> TASK ITEM
Starting with the first line of the listing, quote each line exactly until and including the one with "運動会に向けて、運動場に落ちている小石をみんなで協力して拾いました。", leaving pictures out.
[Opening DATA section]
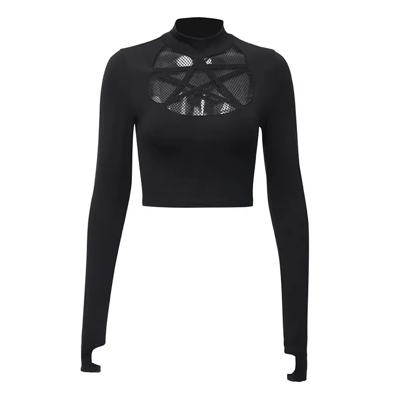 Футболка в стиле панк, гранж, Готическая футболка в стиле Харадзюку, Сетчатая футболка с длинным рукавом и пентаграммой, осенняя Винтажная футболка в стиле пэчворк с вырезами
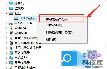 4. 右键键盘的驱动,选择更新驱动,等待驱动更新完成之后再试一试。
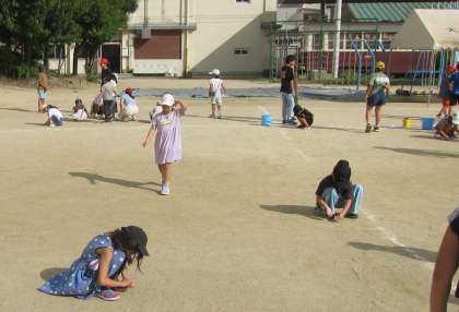 運動会に向けて、運動場に落ちている小石をみんなで協力して拾いました。
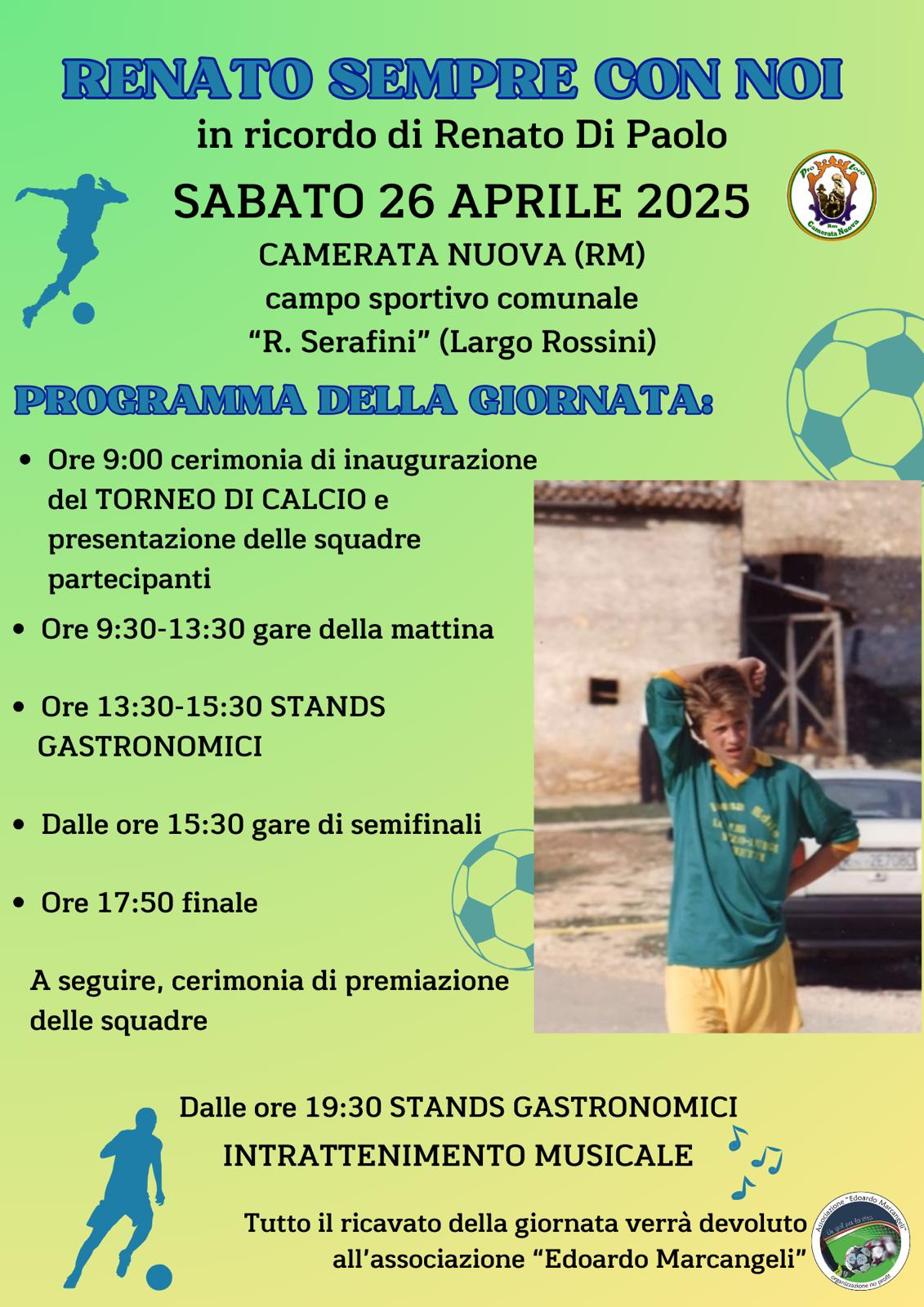 CAMERATA NUOVA – Renato sempre con noi, questo il leit motiv per un evento all’insegna della memoria e dello sport. L’appuntamento è per sabato 26 Aprile 2025 presso il campo Sportivo di Camerata Nuova per una giornata importante. Dopo i tornei, premiazione  e cena conviviale all’insegna della musica. Il ricavato dell’evento sarà devoluto all’Associazione Edoardo Marcangeli Onlus di Carsoli.
[Closing DATA section]
> ANSWER BOX
 Футболка в стиле панк, гранж, Готическая футболка в стиле Харадзюку, Сетчатая футболка с длинным рукавом и пентаграммой, осенняя Винтажная футболка в стиле пэчворк с вырезами
 4. 右键键盘的驱动,选择更新驱动,等待驱动更新完成之后再试一试。
 運動会に向けて、運動場に落ちている小石をみんなで協力して拾いました。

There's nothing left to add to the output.